#### [Exercise]
Everything in the listing below has to be repeated exactly, except the pictures.

#### [Dataset content]
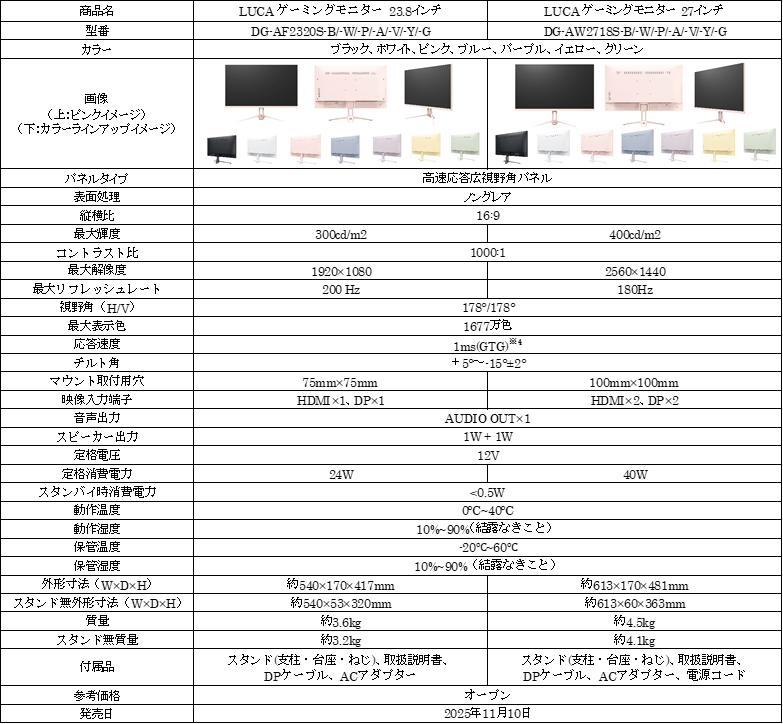アイリスオーヤマ株式会社(本社:宮城県仙台市、代表取締役社長:大山 晃弘)は、当社初となるゲーミングモニターシリーズ「LUCA ゲーミングモニター」の23.8インチと27インチを2025年11月10 日より、インターネット通販サイトを中心に順次発売いたします(※1)。
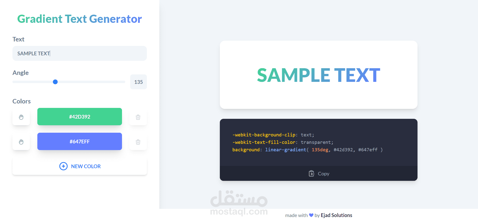 يسمح موقع css gradient text بتوليد الوان متدرجة على الخط باستخدام
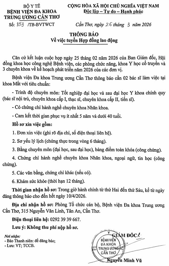 Bệnh viện Đa khoa Trung ương Cần Thơ thông báo cần 02 bác sĩ làm việc tại khoa Mắt, cụ thể như sau:

#### [Result for this exercise]
アイリスオーヤマ株式会社(本社:宮城県仙台市、代表取締役社長:大山 晃弘)は、当社初となるゲーミングモニターシリーズ「LUCA ゲーミングモニター」の23.8インチと27インチを2025年11月10 日より、インターネット通販サイトを中心に順次発売いたします(※1)。
 يسمح موقع css gradient text بتوليد الوان متدرجة على الخط باستخدام
 Bệnh viện Đa khoa Trung ương Cần Thơ thông báo cần 02 bác sĩ làm việc tại khoa Mắt, cụ thể như sau:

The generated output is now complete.